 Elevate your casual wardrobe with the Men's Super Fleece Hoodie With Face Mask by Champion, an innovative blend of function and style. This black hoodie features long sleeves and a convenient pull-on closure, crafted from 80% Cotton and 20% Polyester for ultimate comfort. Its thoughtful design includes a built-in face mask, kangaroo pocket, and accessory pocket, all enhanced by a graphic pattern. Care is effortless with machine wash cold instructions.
-.-.-
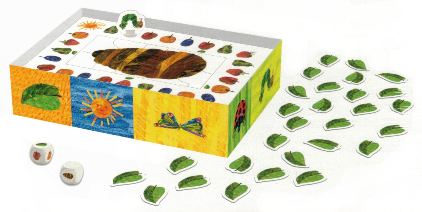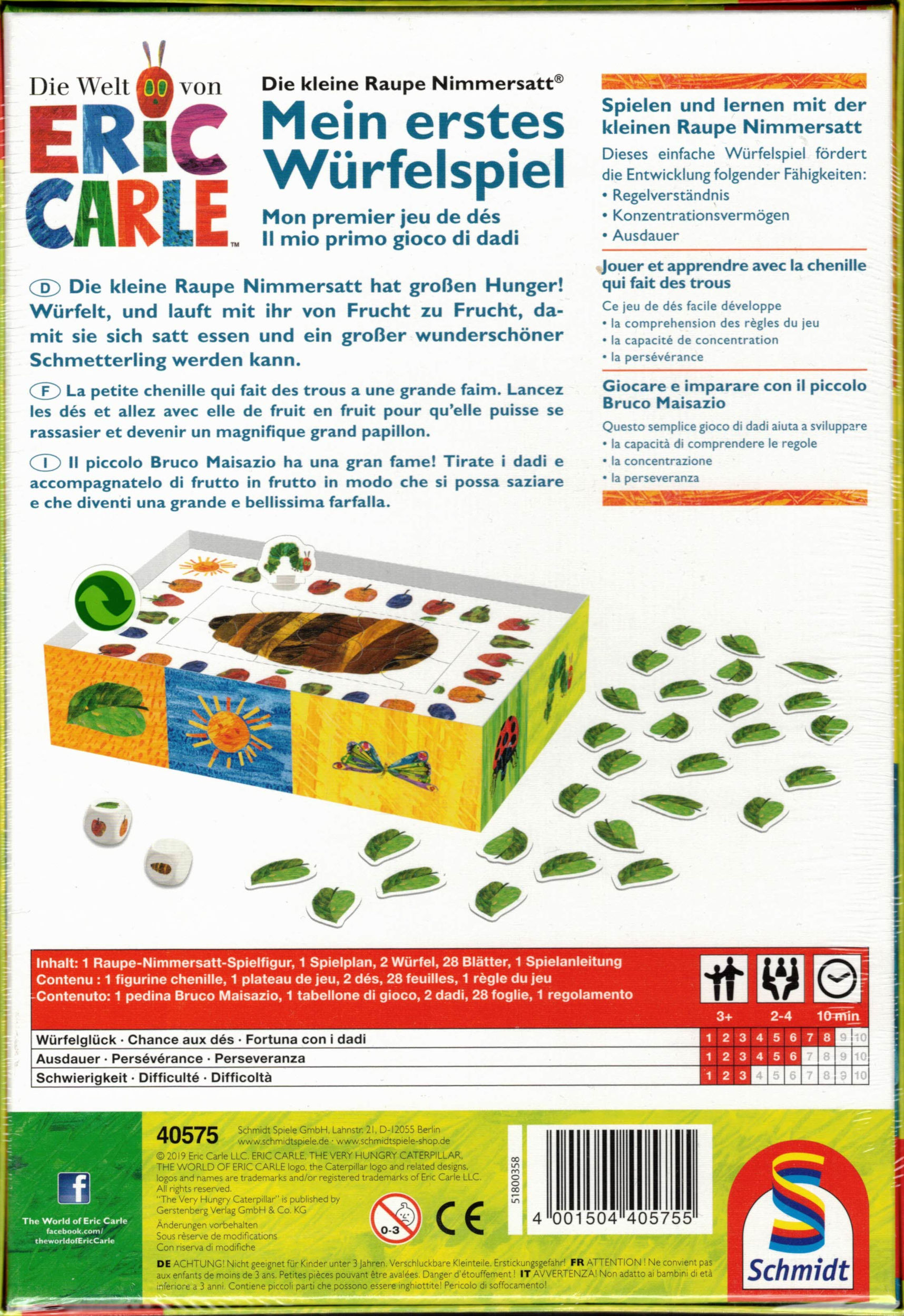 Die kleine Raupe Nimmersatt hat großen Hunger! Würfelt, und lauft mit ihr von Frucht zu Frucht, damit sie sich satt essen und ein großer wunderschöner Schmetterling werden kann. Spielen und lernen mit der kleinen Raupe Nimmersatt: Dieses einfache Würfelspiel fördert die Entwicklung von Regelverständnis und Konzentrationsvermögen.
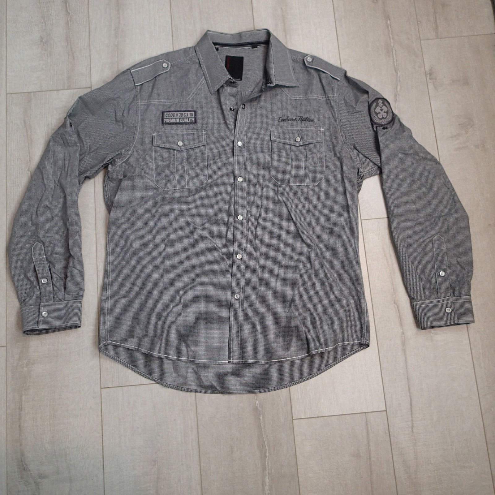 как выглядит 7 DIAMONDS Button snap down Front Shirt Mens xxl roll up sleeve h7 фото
-.-.-
**Your instructions**
In the material above, one part opens with the line containing "Die kleine Raupe" and closes with the line containing "как выглядит 7". Write out that part exactly and skip its pictures.

**Written solution**
 Die kleine Raupe Nimmersatt hat großen Hunger! Würfelt, und lauft mit ihr von Frucht zu Frucht, damit sie sich satt essen und ein großer wunderschöner Schmetterling werden kann. Spielen und lernen mit der kleinen Raupe Nimmersatt: Dieses einfache Würfelspiel fördert die Entwicklung von Regelverständnis und Konzentrationsvermögen.
 как выглядит 7 DIAMONDS Button snap down Front Shirt Mens xxl roll up sleeve h7 фото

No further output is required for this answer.